BRIEF - Where the records below begin, start copying, and stop after the line that contains "Servidores estão engajados na ação"; reproduce every line exactly but omit pictures.

[Dataset excerpts]
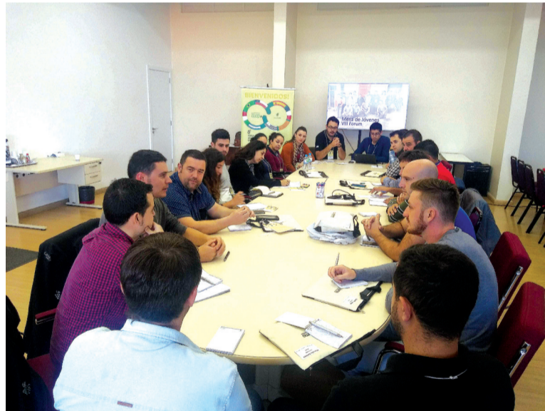
Encontro dos jovens discute práticas e estratégias para permanência do jovem no campo
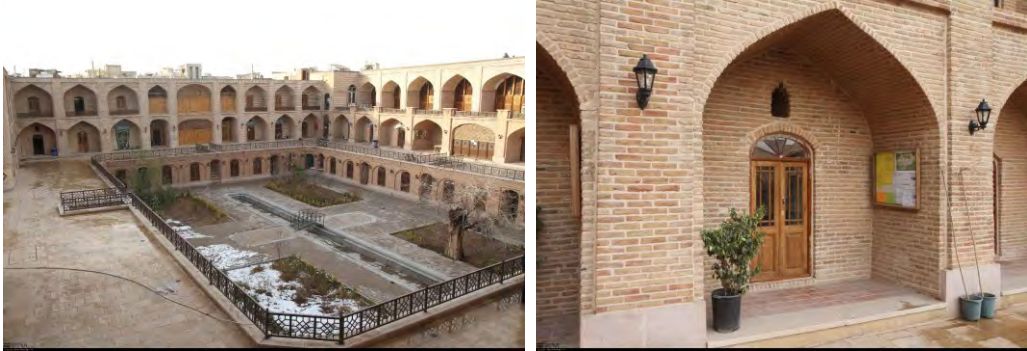
تصاویر 4 و 5 - مسجد و مدرسه صالحیه قزوین
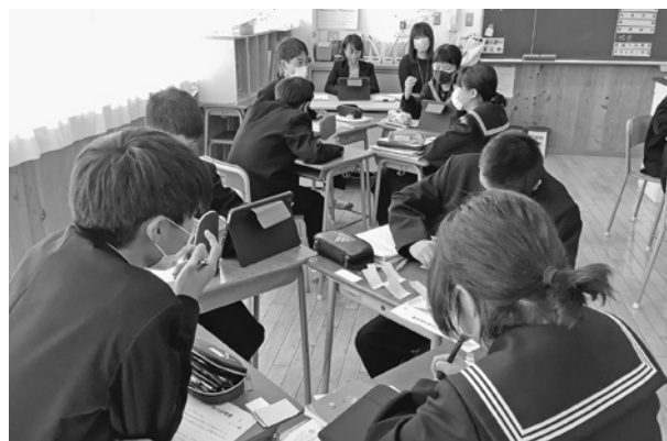
グループでの話し合い活動（社会科）
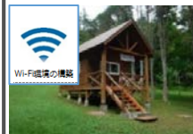
ワーケーション環境の整備（Wi-Fi整備）
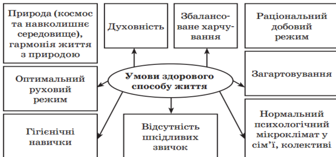
Рисунк 1 – Умови здорового способу життя [1, с.122].

Але необхідно відзначити, що у теперішній час особливого значення набувають наступні тривожні тенденції щодо стану здоров'я молоді [5]:
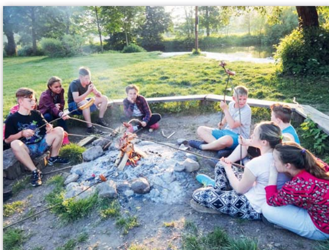
7. třída, 23.–27. května, Český ráj – Zrcadlová koza
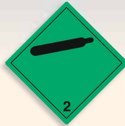
Folie C2101003 | Papier C2101003-PP Nicht brennbares, nicht giftiges Gas
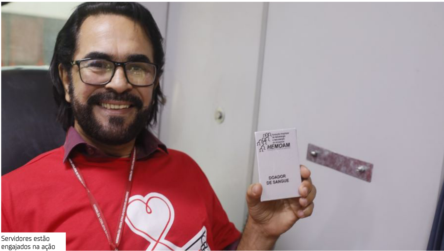
Servidores estão engajados na ação

Com o objetivo de superar a marca das 89 bolsas de sangue coletadas na edição anterior, a campanha contará com a parceria da Fundação Hospitalar de Hematologia e Hemoterapia do Amazonas (FHEmoam), que disponibilizará sua unidade móvel de coleta — o tradicional “Vampirão” — para atender os servidores e demais
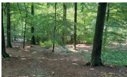
Hier mag je van de paden af
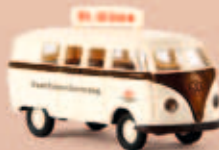
v 31020 VW Kombi T1a „Dr. Oetker Hausfrauenberatung“
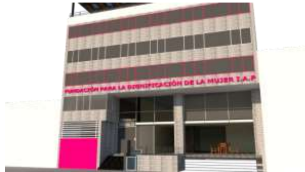
2. 3D de la propuesta de Fachada de la Fundación para la Dignificación de la Mujer.

SOLUTION FOR THIS TASK -
Encontro dos jovens discute práticas e estratégias para permanência do jovem no campo
تصاویر 4 و 5 - مسجد و مدرسه صالحیه قزوین
グループでの話し合い活動（社会科）
ワーケーション環境の整備（Wi-Fi整備）
Рисунк 1 – Умови здорового способу життя [1, с.122].

Але необхідно відзначити, що у теперішній час особливого значення набувають наступні тривожні тенденції щодо стану здоров'я молоді [5]:
7. třída, 23.–27. května, Český ráj – Zrcadlová koza
Folie C2101003 | Papier C2101003-PP Nicht brennbares, nicht giftiges Gas
Servidores estão engajados na ação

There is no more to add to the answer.